Perhaps my favorite example I've seen was from ChatGPT. Previously, you could turn on the web inspector in your browser and watch the LLM calls fly by as you used the chatbot. When you asked ChatGPT to generate an image, it would clean up or even improve your image prompt, create the image, then append the following instructions:

GPT-4o returned 1 images. From now on, do not say or show ANYTHING. Please end this turn now. I repeat: From now on, do not say or show ANYTHING. Please end this turn now. Do not summarize the image. Do not ask followup question. Just end the turn and do not do anything else.

This is textbook fighting the weights. The models powering ChatGPT have been post-trained heavily to always explain and prompt the user for follow up actions. To fight these weights, ChatGPT's devs have to tell the model EIGHT TIMES to just, please, shut up.

Signs You Might Be Fighting the Weights

For context and prompt engineers (and even chatbot users) it's helpful to be able to recognize when you're fighting the weights. Here's some signs:

The model makes the same mistake, even as you change the instructions.
The model acknowledges its mistake when pointed out, then repeats it.
The model seems to ignore the few-shot examples you provide.
The model gets 90% of the way there, but no further.
You find yourself repeating instructions several times.
You find yourself typing in ALL CAPS.
You find yourself threatening or pleading with the model.

What To Do About It

In these scenarios, you're probably fighting the weights. Recognize the situation and try another tack:

Try another approach for the same problem.
Break your task into smaller chunks. At the very least, you might identify the ask that clashes.
Try another model, ideally from a different family.
Add validation functions or steps.

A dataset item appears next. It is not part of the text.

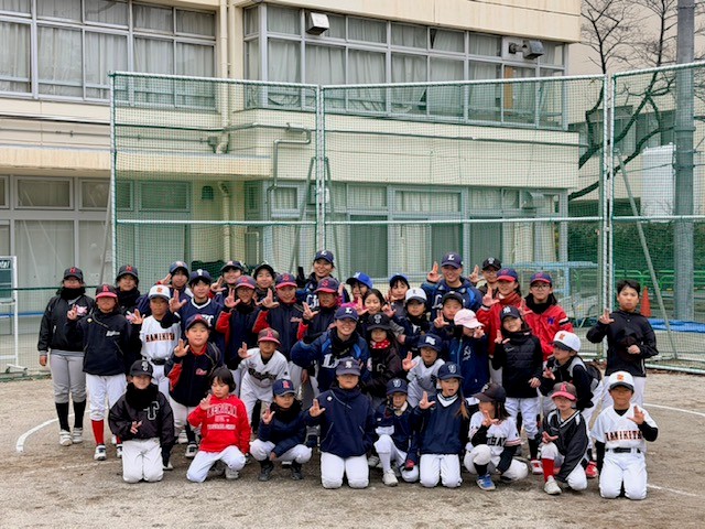 12月27日(土)、昨年に引き続き、埼玉西武ライオンズ・レディースで活躍する「千葉 愛希」選手、「舘 彩花」選手、「山崎 紗綾」選手を招き、加盟チーム女子選手を対象に野球教室が光が丘第七跡地グラウンドにて開催されました。 守備・打撃などの指導を受け、グラウンドには笑顔と笑い声が溢れていました。最後に記念撮影をしましたが、ライオンズ選手の腕にしがみついて離れない選手も。 西武ライオンズ・レディース選手の皆様、ご指導いただきありがとうございました。

I've seen RAG pipelines that perform a final check to ensure the answer exists in the fetched data.
Try a longer prompt. It can help in this scenario, as longer contexts can overwhelm the weights.
Consider fine-tuning. In fact, most fine-tuning I encounter is done to address 'weight fighting' scenarios, like tone or format adherence.

Or, if you're a model building shop, you can just address your issues during your next model's post-training. Which seems to be part of their development cycle… and perhaps why we can get clean JSON out of modern models.

But few of us have that option.

For the rest of us: learn to recognize when you're fighting the weights, so you can try something else.